When you’re under stress, your body is not the only part of you that is on high alert. Once the brain receives the signal that you are stressed, it starts drawing in more oxygen to prepare for the anticipated pain. But if the stress doesn’t go away, it forces your mind into a state of constant anxiety.

Chronic stress can cause your mood swings to become more intense, you can begin lacking the motivation to do anything, and it increases the possibility of you having depression. Being depressed can result in sleep problems, fatigue, self-hate, guilt, loss of appetite, and agitation, among others.

Furthermore, when you don’t get a break from stressful situations while you’re dealing with depression, you can become more prone to suicidal thoughts and actions. It also increases your vulnerability to developing other mental disorders, such as bipolar disorder or anxiety.

Woman staring into space

How Chronic Stress Affects Your Social Health

Once the stress affects your mental health, your social well-being can follow soon after. You can begin experiencing anti-social behaviors because of everything you’re trying to deal with alone. When you pushed people away, you might begin turning to unhealthy coping mechanisms to handle your stress.

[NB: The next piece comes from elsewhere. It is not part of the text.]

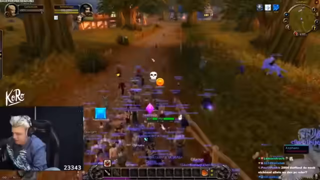 02:48:41Das Live-Stream-Event beginnt mit einem großen Treffen der Community im Spiel. Nach technischen Einladungsproblemen gelingt es, den eingeladenen Gast Jan Hegenberg, bekannt als Snowdoll, in die Gruppe zu holen. Er wird mit einem außergewöhnlichen, von der Jugend der Community inspirierten Auftritt empfangen, bei dem er seine beiden berühmten Lieder 'Horde rennt' und 'Allianz schlägt zurück' performt. Der Streamer lobt diesen Auftakt als absolut perfekt und hebt hervor, dass dies die Zuschauer beeindruckt und das Spiel World of Warcraft in die Twitch-Charts katapultiert hat.

This is when most people turn to drugs, alcohol, or smoking to relieve their stress. But those are slippery slopes that can easily take a turn for the worse if left unchecked. When you let yourself get sucked into that black hole, it can start affecting your personal and professional relationships.

Without you noticing it, the stress that eats at you alive can be the very thing destroying your social life. You might also become less productive at work because you’re having difficulty focusing on the tasks at hand, especially if your mind is elsewhere.

How to Deal with Chronic Stress

Having healthy coping mechanisms to deal with stress is the first step you can take to feel better. This means that you can’t turn to stress relievers that can put your health at risk, such as alcohol, drug, or nicotine dependence.

The best way to get rid of stress is by identifying what your stressors are. Do you panic when the bills arrive or when your work gets piled up? Are you going through a life-changing event such as a divorce or a break-up? By identifying the root cause of your stress, you can start developing solutions to get rid of it.

You can also follow the 4 A’s of stress management, where you avoid the unnecessary stress, alter the situations you can change, adapt to the situation, or learn to accept what you can’t change. Only then can you actually manage your stress efficiently without risking your health in the process.